Below are some records. Output the lines from the first one through the line that holds "面料经防水处理，防水接缝", exactly as written, with no pictures.

Data section start

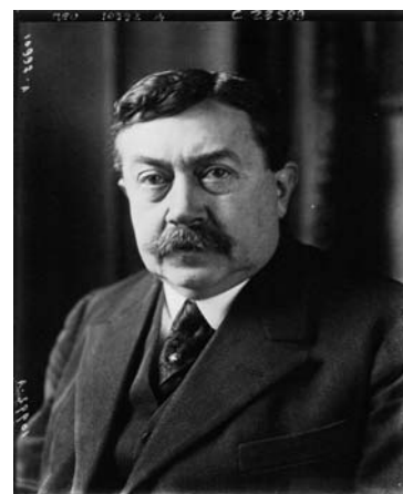
Portrait de Paul Painlevé, Député de l'Académie des Sciences

Parmi ses travaux en mathématiques les plus célèbres restent « Leçons sur la théorie analytique des équations différentielles ». Il mène également des recherches en mécanique des fluides et mit au point une formule qui prétend que le vol était possible. En plein contexte de la conquête des airs, il fut le premier passager des frères Wright en 1908 ; un vol qui dura 70 minutes, un vrai record ! C'est d'ailleurs lui qui a obtenu du gouvernement des crédits pour l'achat d'avions dès 1910. Au travers de différentes postes, il a agi activement pour la défense nationale.
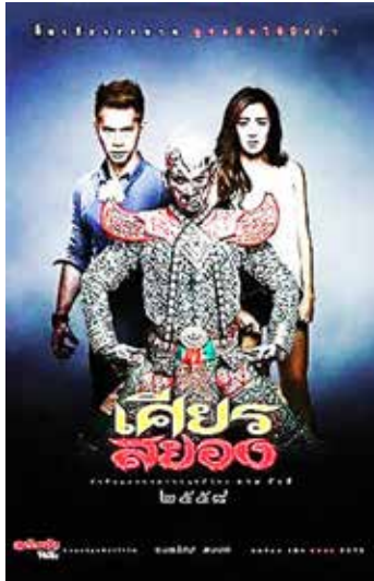
ภาพที่ 9 ภาพโปสเตอร์
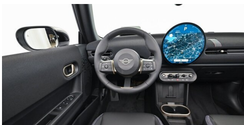
Autohaus Innerbichler GmbH - Ramsau im Zillertal - www.innerbichler.bmw.at
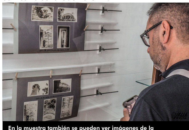
En la muestra también se pueden ver imágenes de la
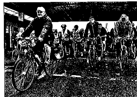
Otevření nové cyklotrasy

Asi pět set cyklistů slavnostně otevřelo novou padesátikilometrovou cyklotrasu podél Olše, která spojuje Karvinsko s polským příhraničím. Cyklisté se tak nově dostanou z Chotěbuze přes Karvinou až do Bohumína, odkud stezka vede až do polské Ratiboře. Peloton v čele se senátorem a starostou Bohumína Petrem Víchou a dalšími zástupci měst, obcí i kraje odstartoval z karvinského Masarykova náměstí a vydal se po cyklotrase přes Bohumín až do polského Tworkowa. Protože je cyklistika v Bohumíně velmi oblíbená, má stejně jako řada dalších volnočasových aktivit podporu zdejší radnice.
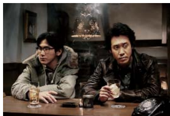
「探偵はBARにいる3」 ©2017「探偵はBARにいる3」製作委員会

＜調査概要＞ 調査対象 「ゲオアプリ」会員 集計期間 2018年2月1日 ～2月4日 回答者数 9,879人
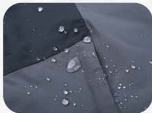
面料经防水处理，防水接缝
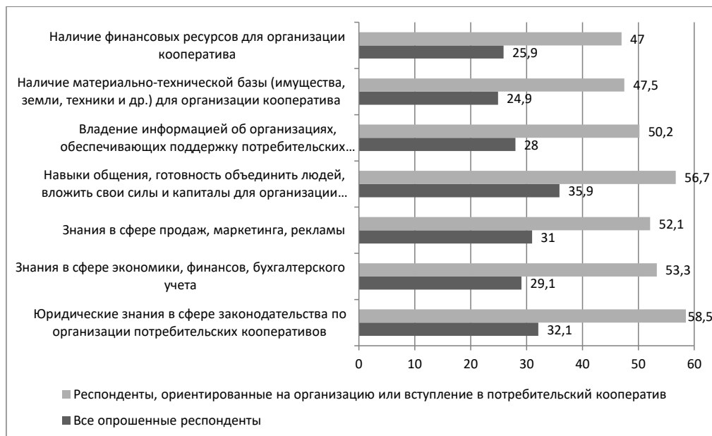
Рис. 2. Распределение ответов на вопрос «Оцените у себя наличие знаний и ресурсов, необходимых для организации или вступления в потребительский кооператив» (на рисунке отражен процент респондентов, выбравших вариант ответа «высокий» при ответе на данный вопрос), %

Fig. 2. Distribution of responses to the question «Assess your availability of knowledge and resources necessary for organizing or joining a consumer cooperative» (the figure shows the percentage of respondents who chose the «high» answer option when answering this question), %
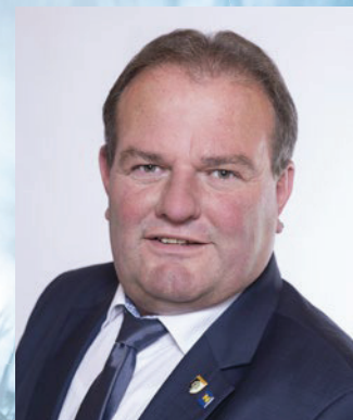
Erich Zeiler Vizebürgermeister
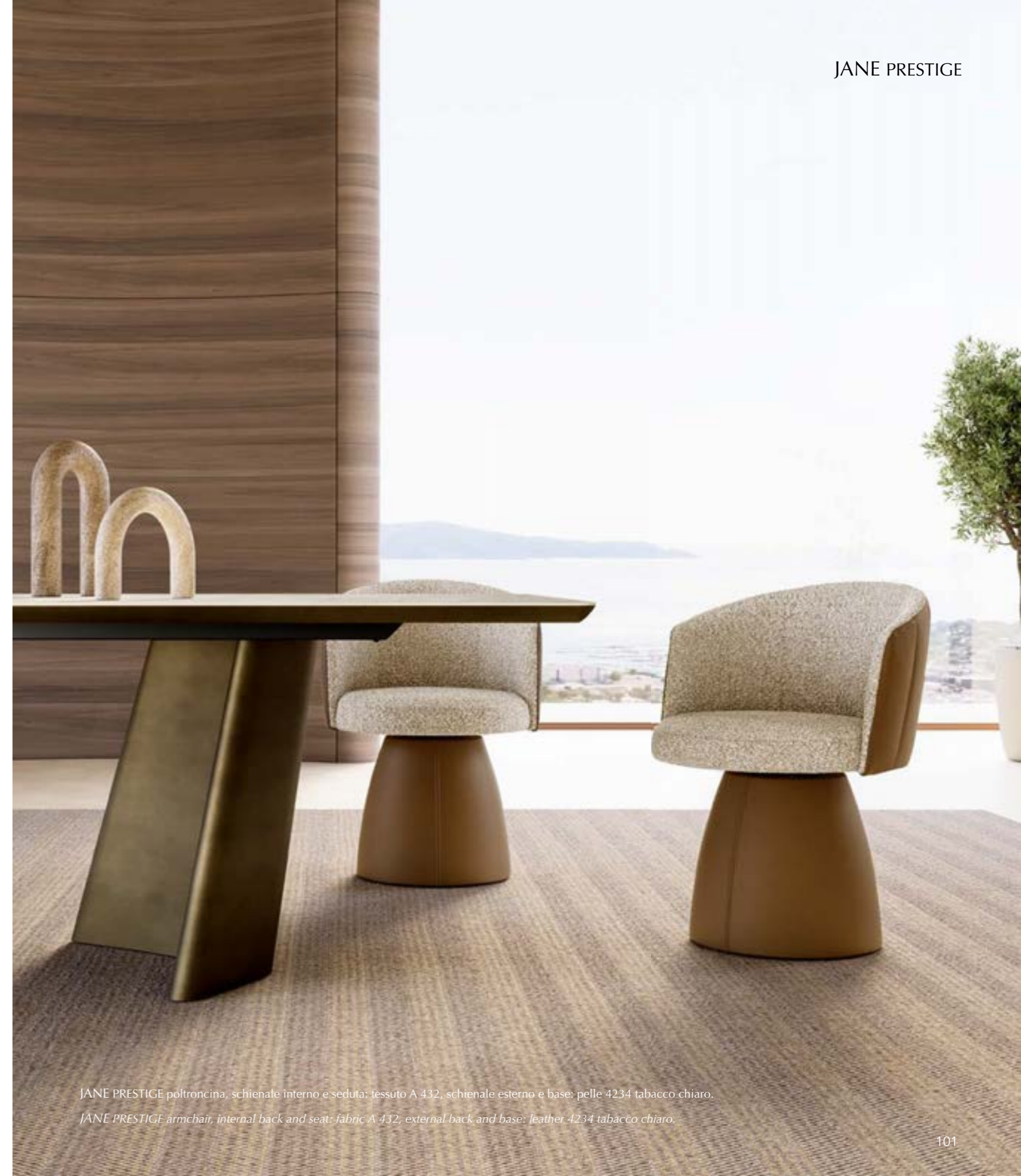
JANE PRESTIGE poltroncina, schienale interno e seduta: tessuto A 432, schienale esterno e base: pelle 4234 tabacco chiaro.

Refined and elegant fix and swivel base armchair with metal painted legs or central swivel wooden trestle. The version Prestige is characterized by a significant conical base completely upholstered fix or swivel. Important and enveloping backrest that enhances the extreme attention to detail, high tailoring and craftsmanship. Available also the stool that has a swivel central base and height-adjustable seat or stool with metal legs fix. The family is complete with the lounge with a central aluminum swivel base. Ideal for residential interiors, but also perfect for working environments. Armchair, stool and lounge are available in leather, eco-leather or fabric.

Data section end

Result:
Portrait de Paul Painlevé, Député de l'Académie des Sciences

Parmi ses travaux en mathématiques les plus célèbres restent « Leçons sur la théorie analytique des équations différentielles ». Il mène également des recherches en mécanique des fluides et mit au point une formule qui prétend que le vol était possible. En plein contexte de la conquête des airs, il fut le premier passager des frères Wright en 1908 ; un vol qui dura 70 minutes, un vrai record ! C'est d'ailleurs lui qui a obtenu du gouvernement des crédits pour l'achat d'avions dès 1910. Au travers de différentes postes, il a agi activement pour la défense nationale.
ภาพที่ 9 ภาพโปสเตอร์
Autohaus Innerbichler GmbH - Ramsau im Zillertal - www.innerbichler.bmw.at
En la muestra también se pueden ver imágenes de la
Otevření nové cyklotrasy

Asi pět set cyklistů slavnostně otevřelo novou padesátikilometrovou cyklotrasu podél Olše, která spojuje Karvinsko s polským příhraničím. Cyklisté se tak nově dostanou z Chotěbuze přes Karvinou až do Bohumína, odkud stezka vede až do polské Ratiboře. Peloton v čele se senátorem a starostou Bohumína Petrem Víchou a dalšími zástupci měst, obcí i kraje odstartoval z karvinského Masarykova náměstí a vydal se po cyklotrase přes Bohumín až do polského Tworkowa. Protože je cyklistika v Bohumíně velmi oblíbená, má stejně jako řada dalších volnočasových aktivit podporu zdejší radnice.
「探偵はBARにいる3」 ©2017「探偵はBARにいる3」製作委員会

＜調査概要＞ 調査対象 「ゲオアプリ」会員 集計期間 2018年2月1日 ～2月4日 回答者数 9,879人
面料经防水处理，防水接缝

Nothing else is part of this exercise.